- The data:
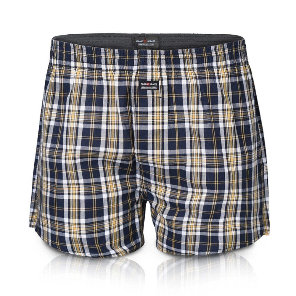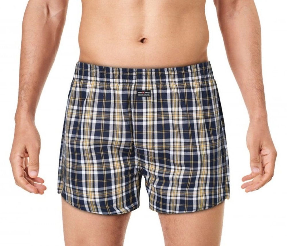 Męskie Bokserki Bawełniane - Pako Jeans - Granatowo-Żółta Kratka
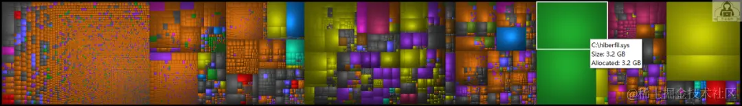 下面用方块模型很直观的体现到该磁盘下文件多或单文件大的情况图片
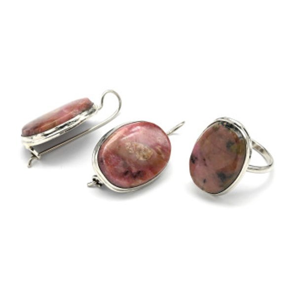 Брошь с родонитом в посеребрении овал 51*42мм.
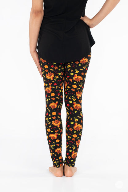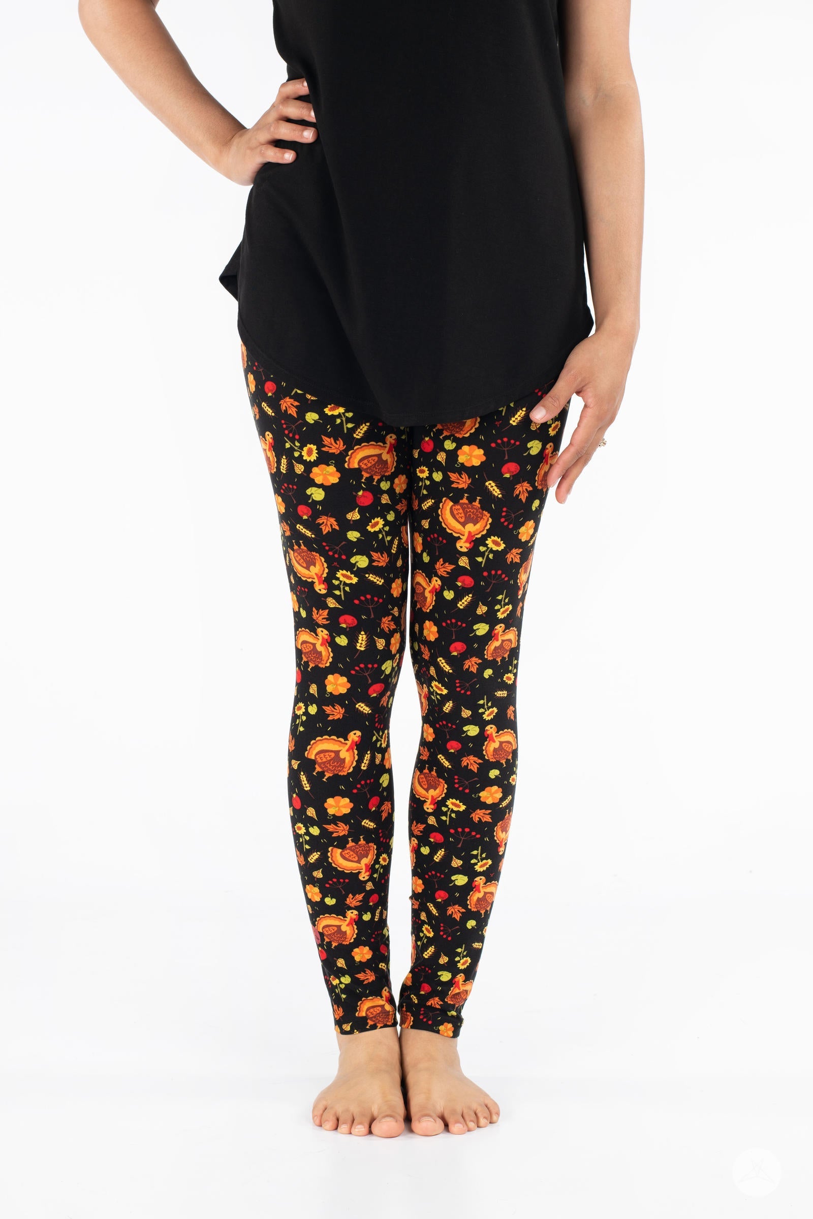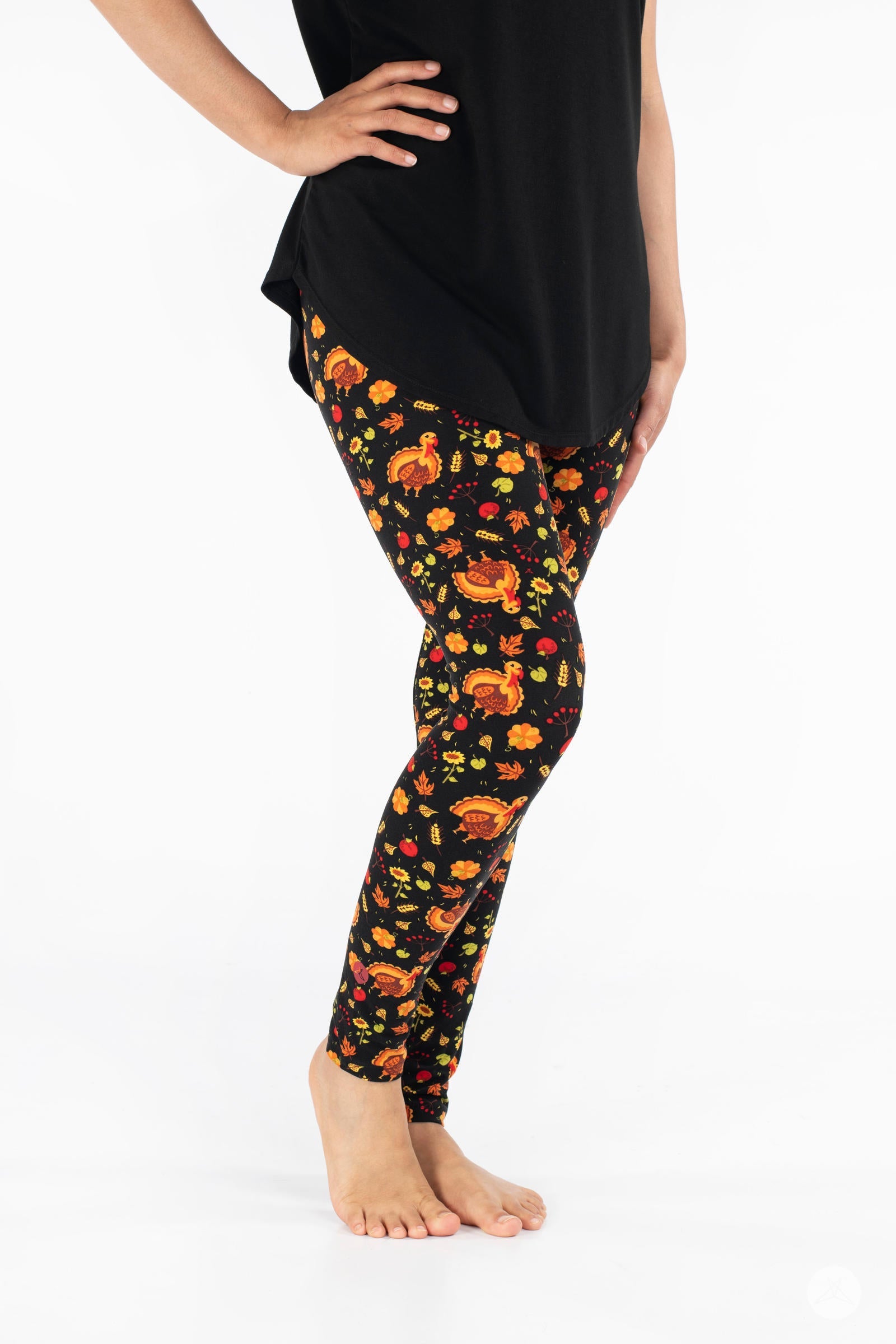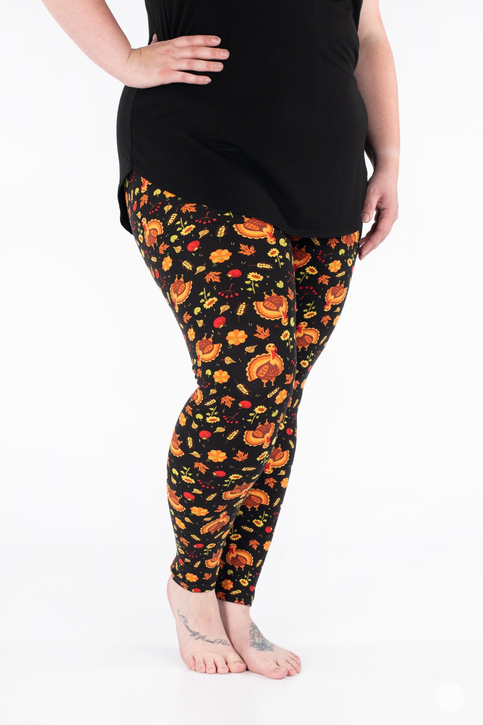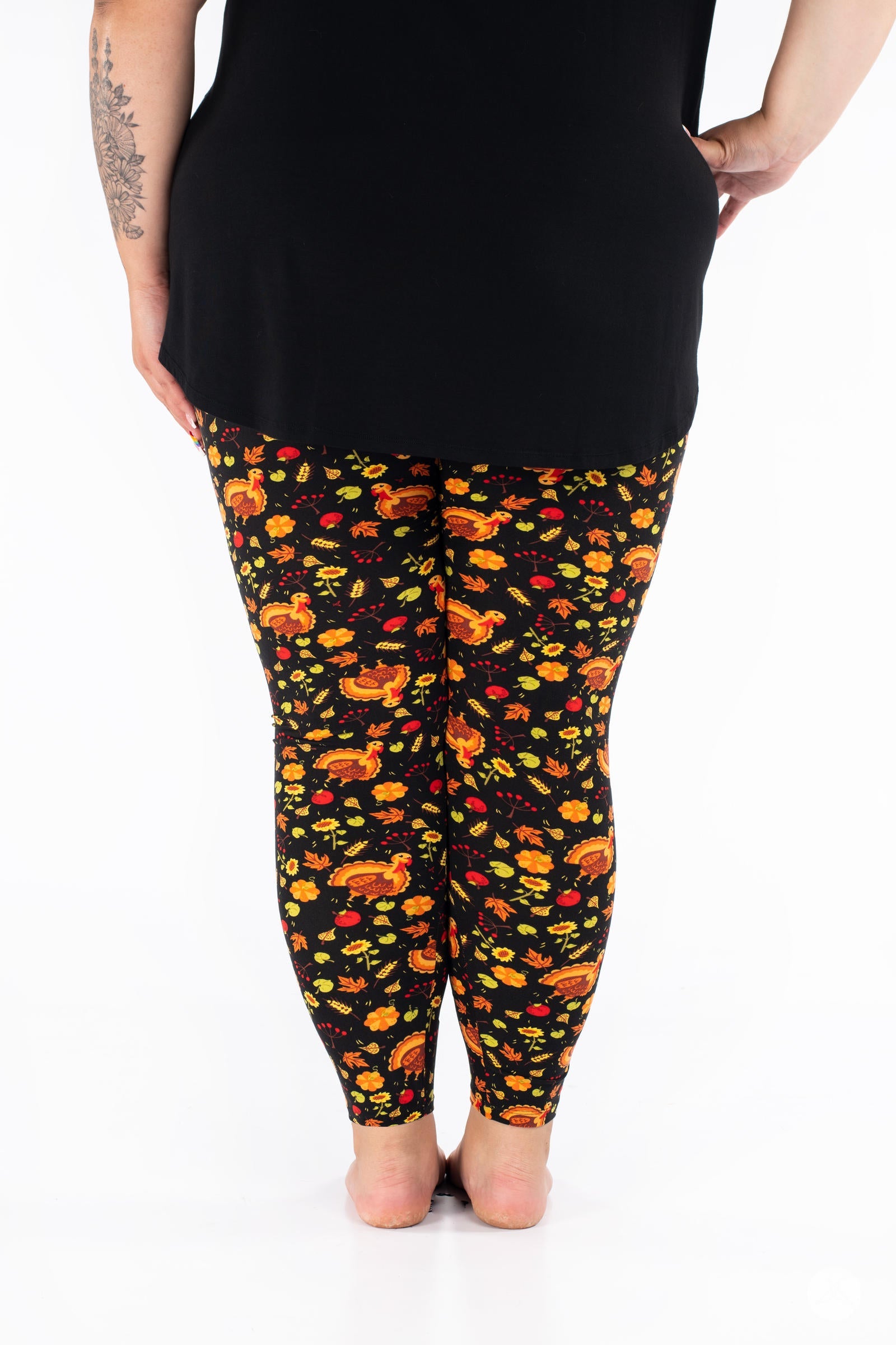 Gobble Gobble features a harvest scene on the homestead! With jolly turkeys, swaying wheat stalks, sunflowers, pumpkins, apples and more - this print is bursting with autumn joy. Gobble Gobble has red, orange, yellow, green, and brown details - all on a black background.
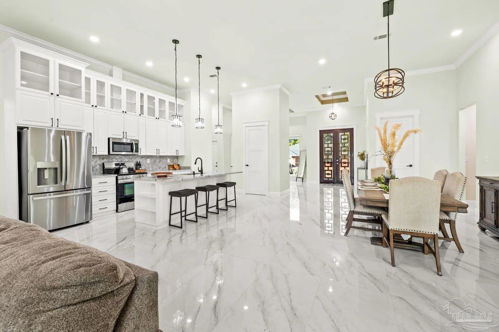 Welcome to this custom-built Craftsman masterpiece in the prestigious Marcus Lake subdivision, where refined luxury meets timeless design. From the moment you arrive, the home’s grand, oversized front door makes a striking first impression, setting the stage for the elegance showcased throughout. Step inside to a magnificent open-concept floor plan enhanced by soaring 9-12 foot tray ceilings that flood the home with natural light and create an impressive sense of space. Every detail reflects exceptional craftsmanship and upscale finishes, offering both beauty and functionality. The gourmet chef’s kitchen is thoughtfully designed to impress, featuring abundant custom cabinetry, granite countertops, stainless steel appliances, and an expansive pantry with granite surfaces. Perfect for elevated entertaining, the home also includes a butler’s pantry-wine cellar, creating the ultimate entertaining experience. Spanning approximately 2,600 square feet, this residence offers four spacious bedrooms, three beautifully appointed bathrooms, and a generously sized office, ideal for today’s flexible lifestyle. The presence of two primary suites makes this home perfectly suited for multi-generational living or accommodating guests in complete comfort. Each room has been carefully designed to maximize space, style, and livability. Unwind while taking in serene lake views and embrace the tranquil, upscale lifestyle that Marcus Lake provides. A separate covered patio creates the perfect setting for outdoor cooking and gatherings, while the oversized garage offers ample space for vehicles, storage, and more. This home is the perfect blend of luxury, comfort, and thoughtful design. Experience it for yourself — schedule your private tour today and discover the exceptional home you’ve been waiting for.

- Task brief: Your answer must be the exact lines from the records above, from the one containing "下面用方块模型很直观的体现到该磁盘下文件多或单文件大的情况图片" through the one containing "Gobble Gobble features", both included, with every picture left out.

- Output of the task:
 下面用方块模型很直观的体现到该磁盘下文件多或单文件大的情况图片
 Брошь с родонитом в посеребрении овал 51*42мм.
 Gobble Gobble features a harvest scene on the homestead! With jolly turkeys, swaying wheat stalks, sunflowers, pumpkins, apples and more - this print is bursting with autumn joy. Gobble Gobble has red, orange, yellow, green, and brown details - all on a black background.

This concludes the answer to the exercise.